Our first ministry to our loved one suffering from Alzheimer’s is the ministry of presence. It recognizes the profound importance of us incarnating and embodying God’s presence in our relationships. We are ambassadors and representatives of the presence of God to his people. For those with Alzheimer’s, your presence is going to be the primary means by which Christ is known and experienced.
There’s a great scene in the movie Lars and the Real Girl that captures the ministry of presence perfectly. Lars and the Real Girl is about a struggling young man who buys a life-sized doll to be his girlfriend and eventually his wife. And in the course of the movie this imaginary, artificial spouse dies. And in spite of his bizarre behavior, Lars’s rural Wisconsin community rallies around him and takes care of him. And in the scene I’m referring to, some older women come over to his house and sit with him and they begin to knit and crochet. And when Lars asks them what they’re doing there, the women respond, “We came over to sit.” That is what people do when tragedy strikes. They come over and sit. This vignette is a great example of the ministry of presence.
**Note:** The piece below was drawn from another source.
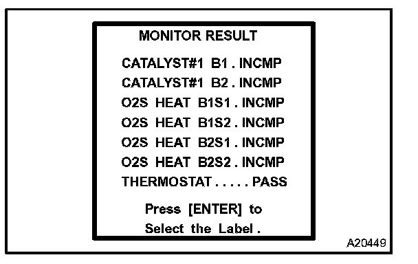 2. Enter "MONITOR RESULT" from "DIAGNOSIS / ENHANCED OBD II / MONITOR INFO / MONITOR RESULT" on the hand-held tester. You will see "Test ID" and "INCMP", "Pass" or "Fail" on the MONITOR RESULT screen.
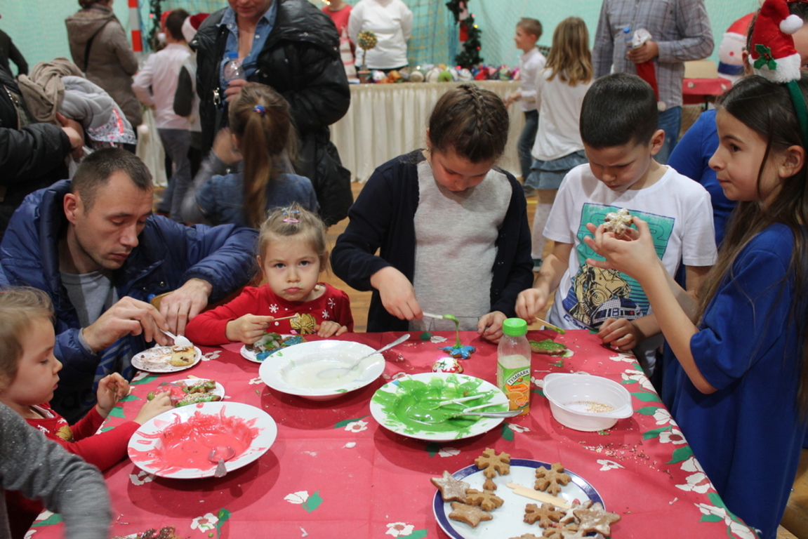 W czasie kiermaszu odbyły się występy naszych uczniów, którzy zaprezentowali zabawny występ pt.”Kłopoty w Laponii” (Va), taniec świąteczny w wykonaniu zespołu tanecznego ( uczniowie z klas I-III), pastorałka w wykonaniu najmłodszych, czyli oddziału przedszkolnego, kolęda zagrana na skrzypcach (II a), świąteczne piosenki, kolędy zaśpiewane przez uczniów klasy I a, II b, II c, III a, III b, III c, IV b, chórek szkolny. Mogliśmy także zobaczyć taniec w wykonaniu Mistrzów Tańca Towarzyskiego: Zofii Bonk i Borysa Szoły.

Something as ordinary as physical proximity is all of a sudden loaded with meaning and power.
Our second ministry to our loved ones with Alzheimer’s is a ministry of reassurance. For many suffering with Alzheimer’s, on top of the cognitive decline, there is also paranoia, delusion, and bizarre personality changes. Our care for them is not to correct them or try and convince them otherwise. Instead, our care for them will look like a persistent, subtle reassurance towards what is true. A ministry of reassurance will reassure and redirect them to who they are in Christ, and who God is for them in Christ. I might sound something like this: “Dad, I want you to know that you’re safe, even if you don’t feel that way. Jesus is with you. You have nothing to worry about. You are his son and he is your God.” Or, “Mom, I know that you’re unsettled. I want you to trust me that the promises of Psalm 121 hold true. Jesus is near to you. He is your keeper and he will keep your coming and your going, forever.” The ministry of reassurance can be an exhausting one. You will likely be saying the same thing often. You will repeat yourself again and again and again. However, it doesn’t change the fact that this is what your loved one needs and it is the best way to come alongside them, to support them, and to care for them.
So how do I help a parent who suffers from Alzheimer’s? For the subtraction and the loss of cognitive abilities caused by Alzheimer’s, we prioritize presence, the ministry of presence. And for the addition of irrational thoughts and bizarre perception caused by Alzheimer’s, we prioritize reassurance, a ministry of reassurance.